Of course, the url and the headers are a lot to go on. And they are what I think filtering will ultimately come to depend on. I predict that the spam of the future will look like this:

To: joeuser@aol.com
From: john@smith.com
Subject: hey

Check out this site.

http://www.randomdomain.com
That is, some fairly innocuous text, followed by a link. The domain name in the link will have to be one that hasn't been used before, or the filters will recognize it.

What will the response rate be for this type of spam? That is the big question. It will presumably be lower than for a spam loaded with with sales pitches, or the spammers wouldn't bother to write the sales pitches, but how much lower? If the response rate is low enough, then forcing spam to become this generic will be enough to kill it.

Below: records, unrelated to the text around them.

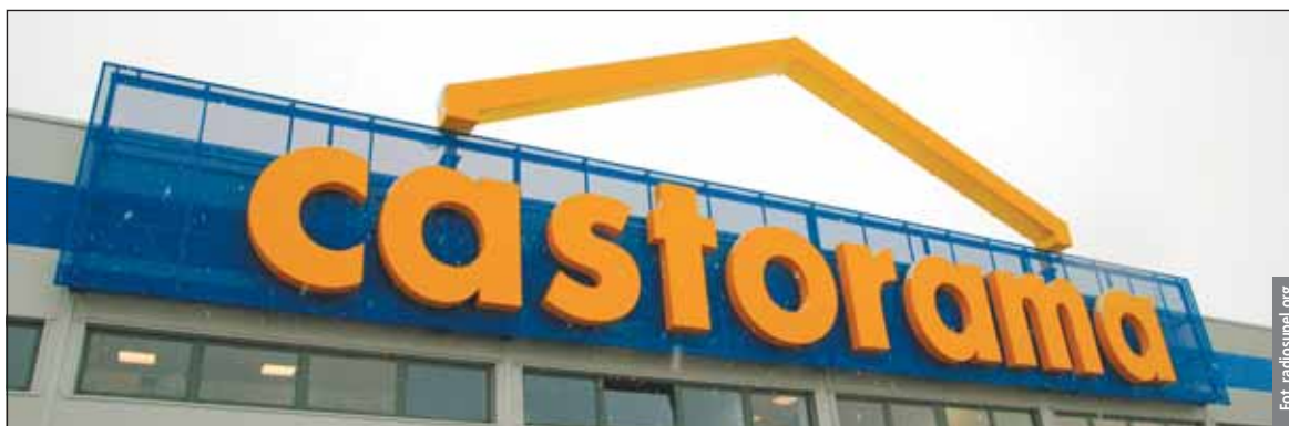
Inwestycja Castoramy to kolejny pomysł na zagospodarowanie blisko 40-hektarowego terenu

W każdym nowo otwartym sklepie spółka Castorama Polska zatrudnia na stałe ponad 100 osób. Aby zapewnić im właściwe kwalifikacje, przeprowadza szereg szkoleń, m.in. produktowych czy z zakresu obsługi klienta.
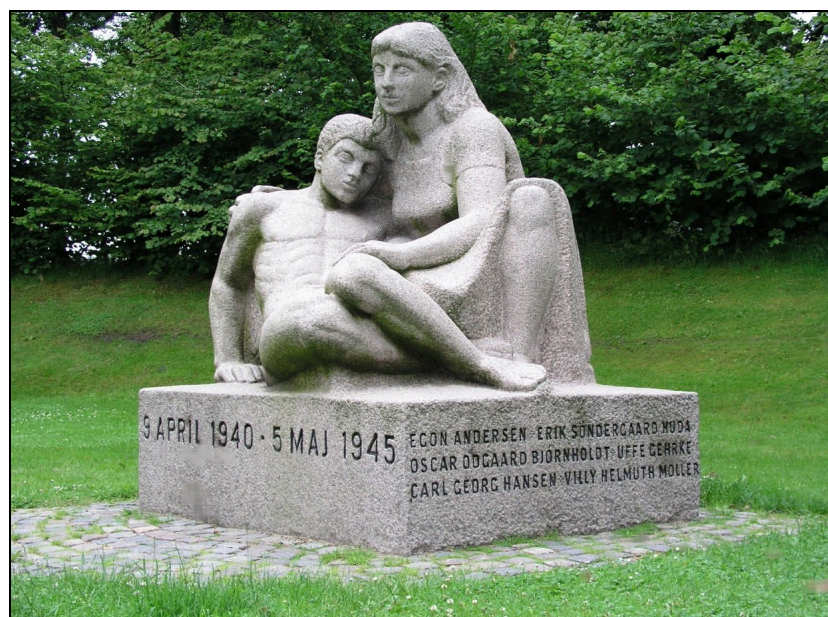
Mindeparken i Herning. Monument for besættelsestidens ofre. Afsløret i 1951. Udført af Eigil Vedel Schmidt.
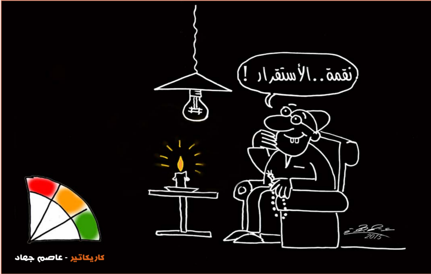
كاريكاتير - عاصم جهاد

يُذكر أن «موسى» سببئضم لأبناء «جولي» و«بيت» السنة وهم مادوكس 13 عاماً. باكس 11. وزهرة التي تبنتها من «إثيوبيا» 9 سنوات. وشيلوه 8 والثوم فيفان ونوكس البالغان من العمر 5 سنوات.
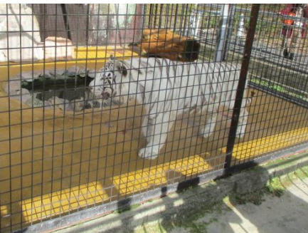
ホワイトタイガー登場！
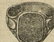
N.º 26157 Ptas. 70.
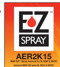
Etiqueta AER2K15/EZ en parte inferior
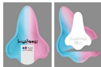
オリジナルシート(イメージ)

イベント名 : 「Smell?住める!匂いで体感!島&都市デュアル」 期間 : 2018年6月25日(月)~7月1日(日) 時間 : 平日12時00分~21時00分、土日10時00分~21時00分 設置場所 : 東京メトロ丸ノ内線新宿駅メトロプラザナード 媒体名 : 新宿メトロスーパープレミアムセット 特設サイトURL : https://shimatoshi.jp/smell

To the extent spam can be made this generic and still work, there are still techniques we can use to recognize it. I can think of two ways to deal with an unknown domain. One would be to send out a crawler to look at the page you're being sent to. You could filter the page much as you would the body of an email. If widely used, this would have the amusing effect of pounding any site advertised in a spam with a large number of hits. If the overloaded server took a while to respond, that would be evidence in itself-- a kind of peer-to-spammer-to-peer filtering network.

Another way to deal with unknown domains would be to have a server to which filters could report domains seen in spams. A filter unsure about a new url could query this server and get a quick answer back. You might get false positives in the case of a link to some image or news story that was making the rounds, but that kind of email tends to be sent by friends who would already be on your whitelist.

And remember, there are still the headers. At the moment, spammers leave their fingerprints all over them. Some spam software actually identifies itself by name in the headers. One day we'll smile at the quaintness of that. But even after they clean up the obvious stuff, spammers will tend to use the same infrastructure for a while. Unless of course they use open relays. That would be retro. But I think it would put a lot of spammers out of business if they had to resort to that. Certainly clients like Disney would balk at it.

Strangely enough, the spam I expect to see in the future will be a lot like the spam of the past. There will be less of it, as there was in the past. And the spammers will be real outlaws, as they were before spam got corporate in the last couple years.

I don't want to underestimate the ingenuity of the spammers. They have found their way past every barrier we've put in front of them before. But I don't think this is inevitable. I think we just didn't work too hard on barriers till recently. Statistical spam filters represent a more serious effort to fight back. If they don't put an end to spam, they'll at least insure that we see less of it.